◆ PROMPT
In the records below, find the line that contains "Die Mathe-Rätsel begeistern" and the line that contains "1、这是一款画风魔性的解谜类游戏,你要瞒着自己的爸爸找出私房钱;"; write out exactly those two lines and everything between them, without the pictures.

◆ GIVEN INFORMATION
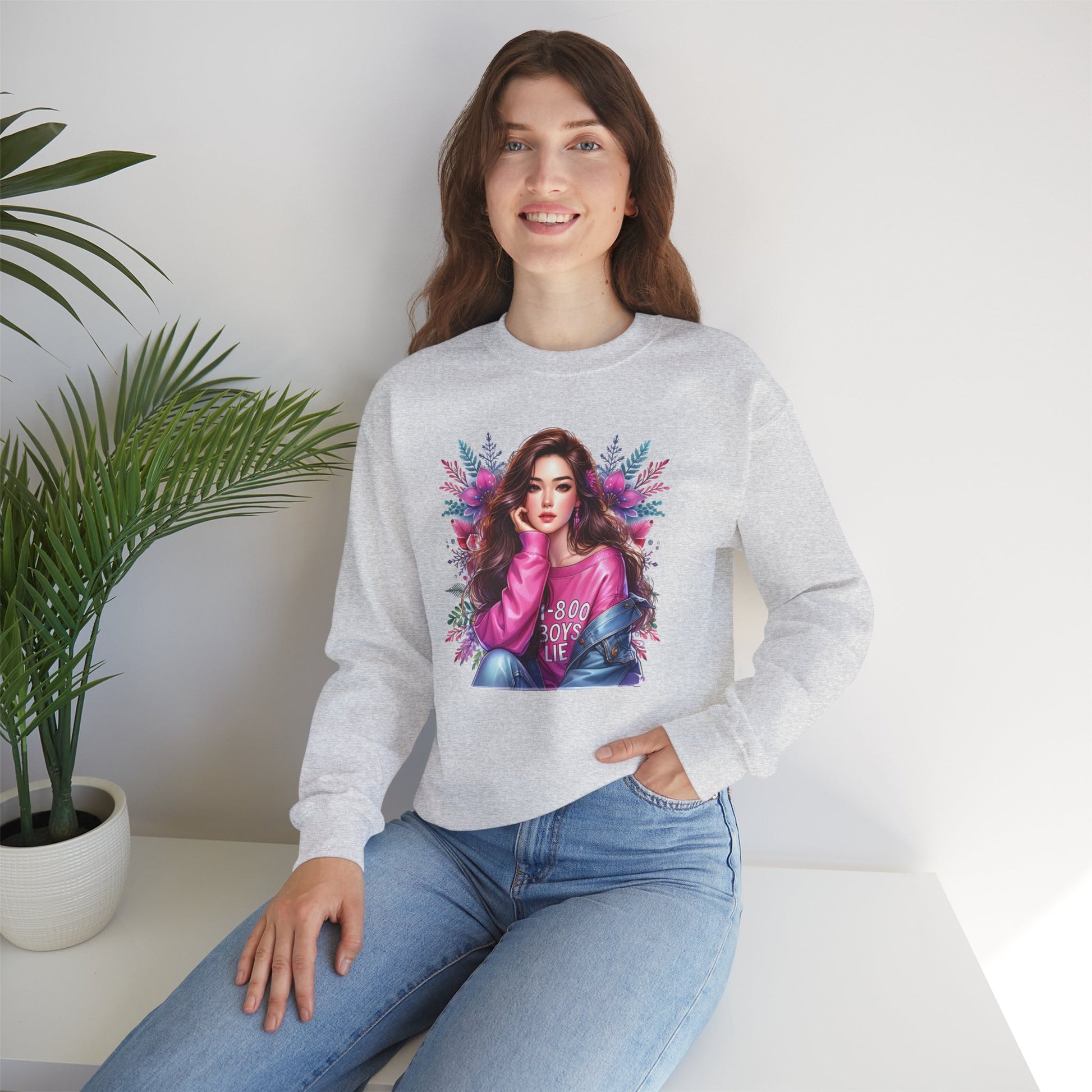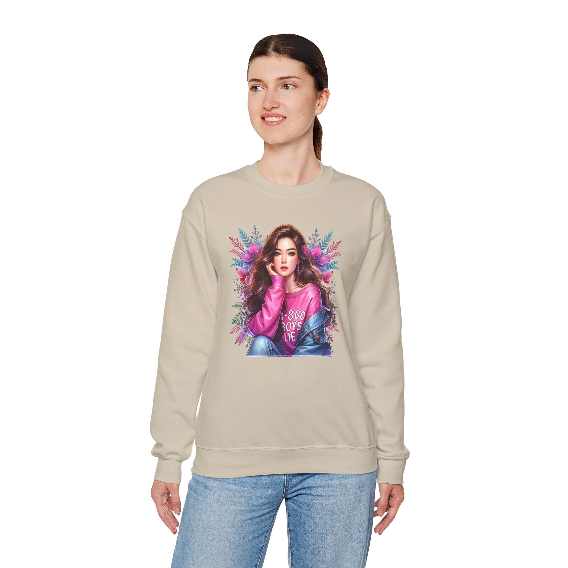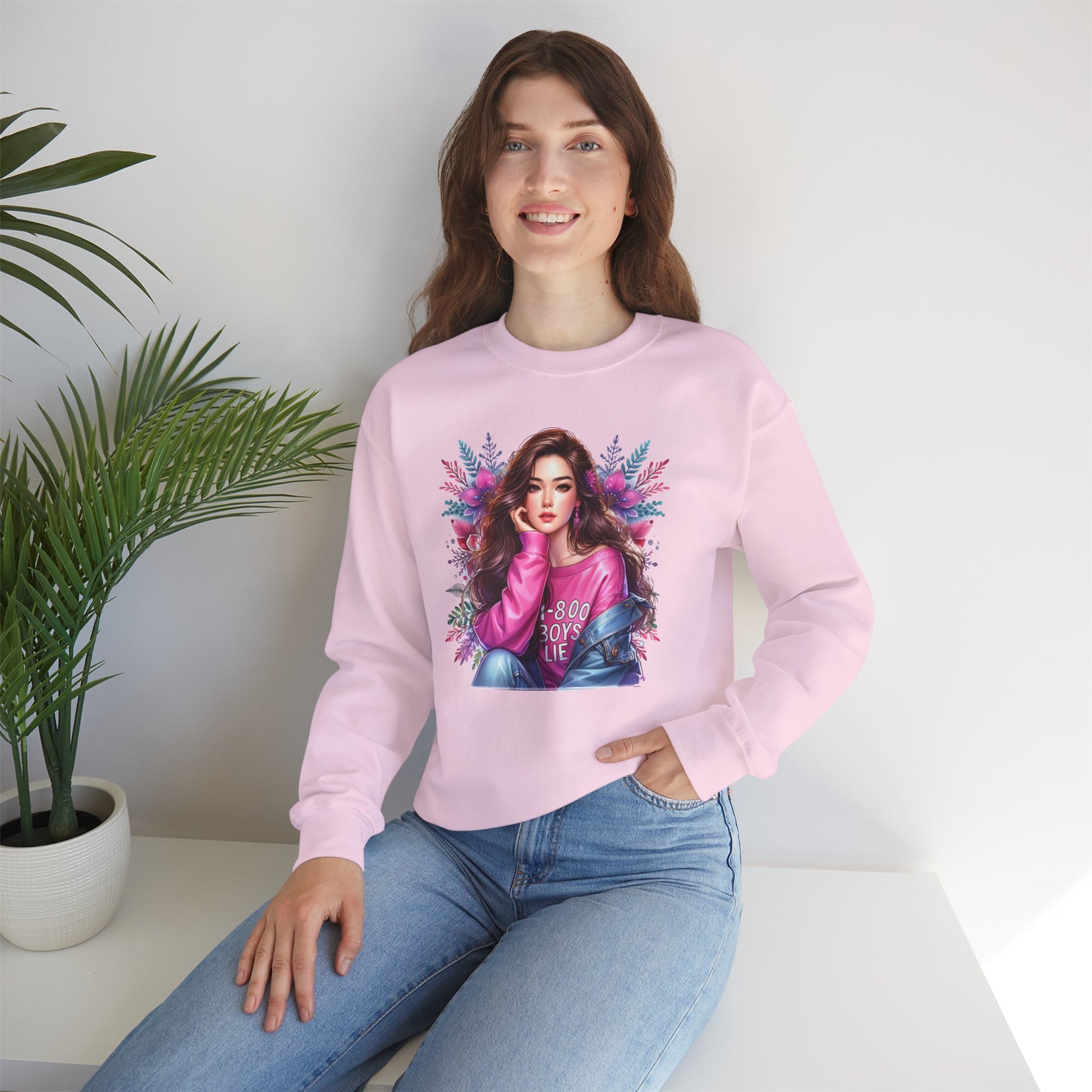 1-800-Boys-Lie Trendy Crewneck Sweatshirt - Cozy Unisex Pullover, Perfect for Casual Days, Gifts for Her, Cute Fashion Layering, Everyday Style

...

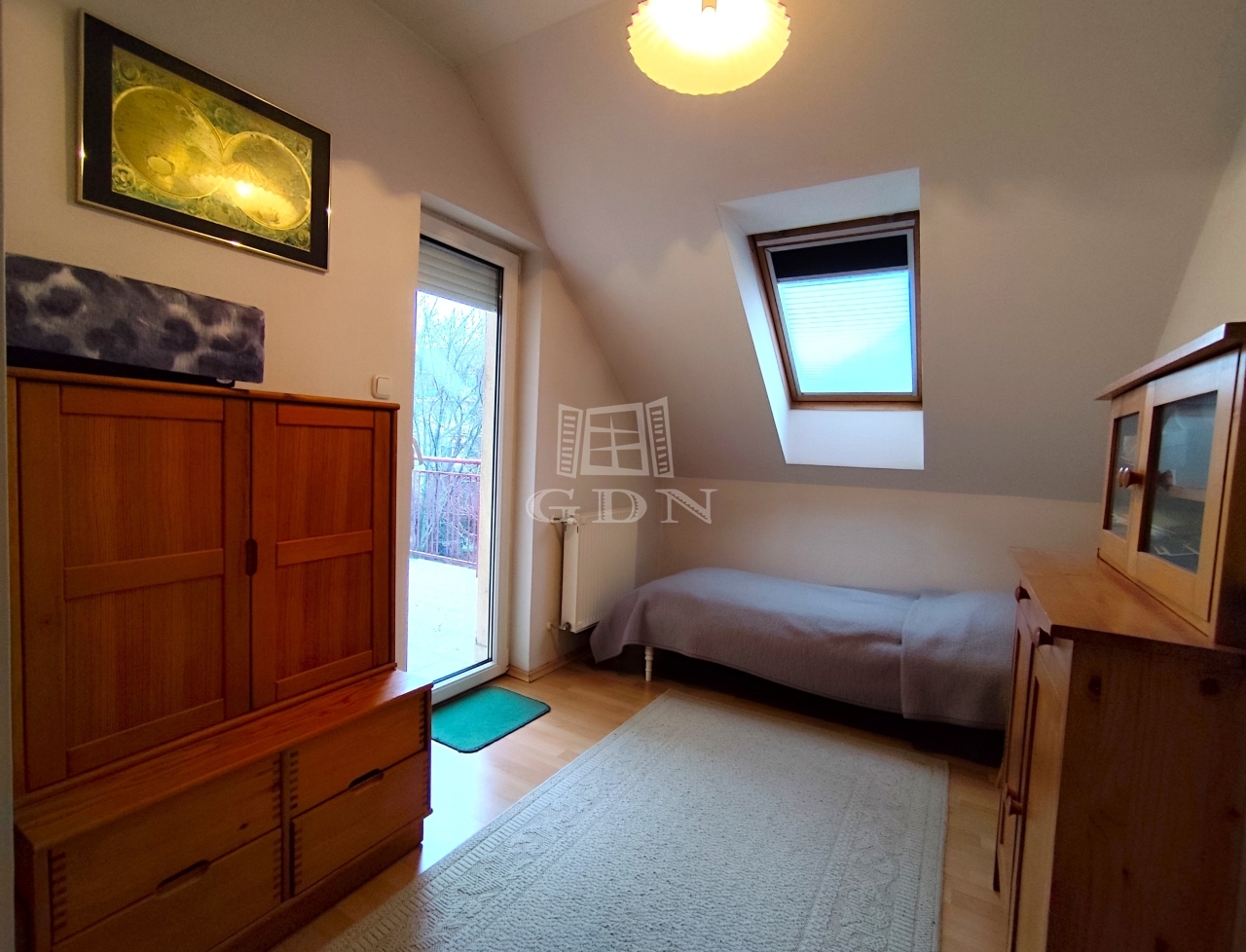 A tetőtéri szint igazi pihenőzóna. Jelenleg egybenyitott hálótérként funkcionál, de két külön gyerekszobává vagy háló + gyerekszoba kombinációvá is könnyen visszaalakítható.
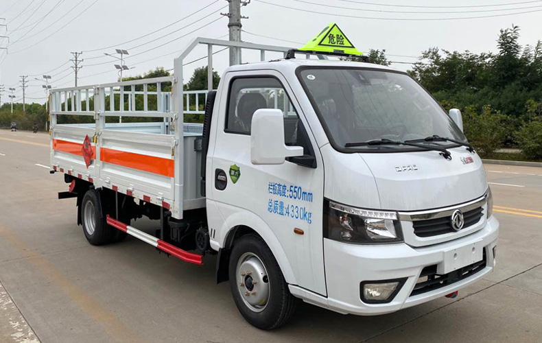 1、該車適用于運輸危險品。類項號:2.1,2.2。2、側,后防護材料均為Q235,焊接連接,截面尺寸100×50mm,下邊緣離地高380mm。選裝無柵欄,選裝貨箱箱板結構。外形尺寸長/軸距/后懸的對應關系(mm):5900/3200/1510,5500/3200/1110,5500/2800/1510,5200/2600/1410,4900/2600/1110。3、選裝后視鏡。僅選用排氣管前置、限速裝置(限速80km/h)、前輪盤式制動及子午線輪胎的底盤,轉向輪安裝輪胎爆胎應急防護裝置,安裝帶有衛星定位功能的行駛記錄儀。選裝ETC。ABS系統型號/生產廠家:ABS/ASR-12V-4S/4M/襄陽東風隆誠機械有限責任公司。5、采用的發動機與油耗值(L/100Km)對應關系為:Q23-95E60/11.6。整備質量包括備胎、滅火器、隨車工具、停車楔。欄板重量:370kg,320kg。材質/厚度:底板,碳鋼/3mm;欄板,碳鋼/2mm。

...

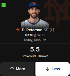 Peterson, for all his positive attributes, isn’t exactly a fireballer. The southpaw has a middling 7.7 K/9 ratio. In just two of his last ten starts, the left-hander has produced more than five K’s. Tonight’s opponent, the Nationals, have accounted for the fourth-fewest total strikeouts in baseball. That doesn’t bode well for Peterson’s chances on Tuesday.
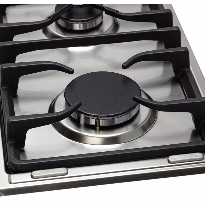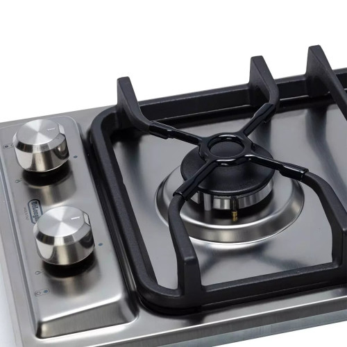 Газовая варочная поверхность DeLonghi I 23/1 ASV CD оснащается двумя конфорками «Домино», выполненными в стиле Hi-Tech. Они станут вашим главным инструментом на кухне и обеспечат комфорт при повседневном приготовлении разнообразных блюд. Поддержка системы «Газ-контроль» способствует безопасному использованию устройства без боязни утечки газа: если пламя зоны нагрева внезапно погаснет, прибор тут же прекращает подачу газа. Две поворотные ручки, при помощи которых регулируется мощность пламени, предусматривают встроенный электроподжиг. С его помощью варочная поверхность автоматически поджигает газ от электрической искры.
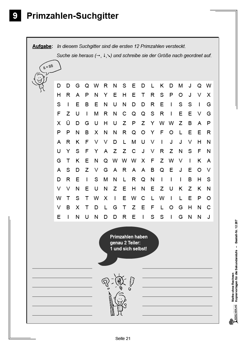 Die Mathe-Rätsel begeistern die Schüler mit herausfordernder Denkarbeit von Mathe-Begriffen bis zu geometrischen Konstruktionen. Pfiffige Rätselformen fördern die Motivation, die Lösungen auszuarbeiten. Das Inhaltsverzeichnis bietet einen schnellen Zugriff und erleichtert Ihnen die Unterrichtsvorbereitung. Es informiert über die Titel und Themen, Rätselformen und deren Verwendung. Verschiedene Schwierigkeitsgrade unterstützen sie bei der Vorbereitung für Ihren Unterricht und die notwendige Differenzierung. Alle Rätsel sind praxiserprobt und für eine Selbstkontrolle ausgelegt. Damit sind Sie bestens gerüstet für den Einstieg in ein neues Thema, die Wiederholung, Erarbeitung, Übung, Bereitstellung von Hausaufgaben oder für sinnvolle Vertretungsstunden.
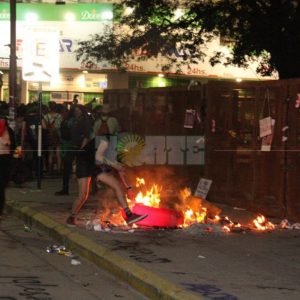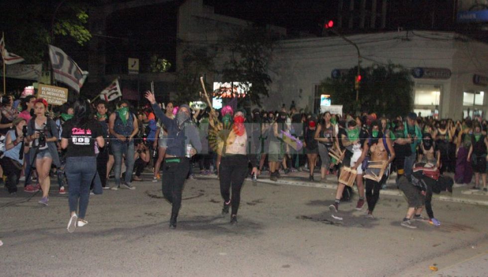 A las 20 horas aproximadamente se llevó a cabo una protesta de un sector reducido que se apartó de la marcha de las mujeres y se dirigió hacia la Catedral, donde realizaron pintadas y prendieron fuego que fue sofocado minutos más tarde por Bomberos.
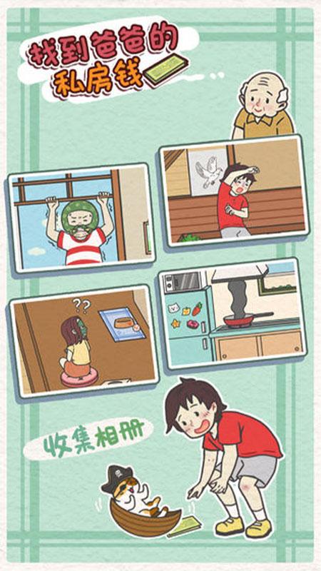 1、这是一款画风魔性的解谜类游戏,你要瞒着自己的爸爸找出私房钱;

◆ TASK RESULT
 Die Mathe-Rätsel begeistern die Schüler mit herausfordernder Denkarbeit von Mathe-Begriffen bis zu geometrischen Konstruktionen. Pfiffige Rätselformen fördern die Motivation, die Lösungen auszuarbeiten. Das Inhaltsverzeichnis bietet einen schnellen Zugriff und erleichtert Ihnen die Unterrichtsvorbereitung. Es informiert über die Titel und Themen, Rätselformen und deren Verwendung. Verschiedene Schwierigkeitsgrade unterstützen sie bei der Vorbereitung für Ihren Unterricht und die notwendige Differenzierung. Alle Rätsel sind praxiserprobt und für eine Selbstkontrolle ausgelegt. Damit sind Sie bestens gerüstet für den Einstieg in ein neues Thema, die Wiederholung, Erarbeitung, Übung, Bereitstellung von Hausaufgaben oder für sinnvolle Vertretungsstunden.
 A las 20 horas aproximadamente se llevó a cabo una protesta de un sector reducido que se apartó de la marcha de las mujeres y se dirigió hacia la Catedral, donde realizaron pintadas y prendieron fuego que fue sofocado minutos más tarde por Bomberos.
 1、这是一款画风魔性的解谜类游戏,你要瞒着自己的爸爸找出私房钱;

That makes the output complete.